Not but five months ago, Gov. Peter Shumlin grabbed national headlines with his State-of-the-State speech addressing Vermont’s struggles with opiate addiction. He spoke at length about the growing problems the state faced and his determination to do something about it. Money would be spent, he said, to help those afflicted, to consider the addiction a disease and treat it accordingly, and to help those in need get off the drugs and reclaim their lives as best as possible through prevention and addiction recovery programs.
To its credit, the state has moved forward on parts of that commitment. Money has been spent, which is why the state’s word to help Porter Hospital was convincing. Here was a hospital trying to follow what the governor advocated; the appropriate department (DHVA), which has helped other hospitals in their efforts to fight opiate addiction, agreed to help finance the start-up part of the costs of a program that officials now estimate will cost about $700,000 annually (through direct and indirect expenses). Even the low-ball pledge of $127,000 from the health care department would be a welcome pledge.
But no dice. Out of a billion-dollar budget, not a penny could be spared directly to the fight against opiate addiction in Addison County.
That’s not quite fair, of course. While the state did turn its back on its pledge with Porter Hospital to help build the proposed stand-alone Suboxone-treatment facility, the state will finance the case manager and substance abuse coordinator through the Counseling Service of Addison County to help handle the growing case load that Dr. Emily Glick and the Porter-owned practice at Bristol Internal Medicine anticipate when they expand the existing program. They are, by the way, going to expand programs in Addison County to fight opiate addiction (see story here), but the current caseload of about 25 patients to between 80 and 90. Hopefully, more as the need can be met.
In fact, the good news is that more local physican practices have stepped up to fill the void since the state’s action scuttled the planned clinic that would have been operated by a rotating staff of hospital doctors.

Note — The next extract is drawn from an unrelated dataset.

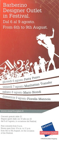 Floransa’ya 30 km uzaklıkta, Bologna - Floransa A1 otoyolunun, Barberino di Mugello çıkışında yer alan Designer Outlet, bir alışveriş merkezinden oldukça farklı. Öncelikle, açık havada, sokakta alışveriş yapar gibi tasarlanmış, bir ya da iki katlı dükkanların yan yana yer aldığı, meydanların da bulunduğu bir alışveriş semti havasında. Açık hava olması ve sokak konsepti ile tasarlanması İzmir'deki Forum Bornova’yı çağrıştırıyor bize.

Integrating opiate treatment into existing practices had been the original plan more than a year ago, but tight case-loads and a wariness to take on the patients at each practice prompted area physicians to prefer the stand-alone model.

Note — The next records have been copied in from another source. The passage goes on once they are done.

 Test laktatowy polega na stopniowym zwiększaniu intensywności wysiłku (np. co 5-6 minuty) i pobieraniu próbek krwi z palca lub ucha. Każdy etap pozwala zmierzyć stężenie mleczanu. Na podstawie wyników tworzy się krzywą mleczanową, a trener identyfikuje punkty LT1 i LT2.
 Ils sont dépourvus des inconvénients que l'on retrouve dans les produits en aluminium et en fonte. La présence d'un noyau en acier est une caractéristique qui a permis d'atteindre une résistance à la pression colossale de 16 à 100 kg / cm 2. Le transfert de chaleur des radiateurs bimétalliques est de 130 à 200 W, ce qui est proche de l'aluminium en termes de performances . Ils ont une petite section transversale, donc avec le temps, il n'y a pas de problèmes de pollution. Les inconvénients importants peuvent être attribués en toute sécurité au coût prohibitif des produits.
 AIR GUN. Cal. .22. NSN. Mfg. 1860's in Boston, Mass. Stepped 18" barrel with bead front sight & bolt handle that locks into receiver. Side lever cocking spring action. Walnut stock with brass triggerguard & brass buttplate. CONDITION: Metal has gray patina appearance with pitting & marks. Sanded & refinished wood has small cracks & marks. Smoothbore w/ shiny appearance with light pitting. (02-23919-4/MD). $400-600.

Intergrating the treatment into existing practices also works better for the state, which will, state officials said, reimburse Medicaid patients for Suboxone just as the state does for other Medicaid treatment—at a fraction on the dollar, but still far better than nothing.
The silver lining on the whole affair is that more members of Porter’s medical staff are dedicated to helping address the problem, said Porter Vice President Ron Hallman, and doing so in a manner that is more cost-effective for the hospital.
But words do matter. When dealing with health care reform, the issues are sensitive and the stakes are high. Addison County residents have a right to expect adequate care for all members of the greater community, and to expect it from health care professionals they can easily access, who understand their local situation and who will deliver reliable service.
When the state reneges on a handshake with an established and well respected community hospital, another figment of trust is broken with the state, and that could become expensive in the future fight for reform.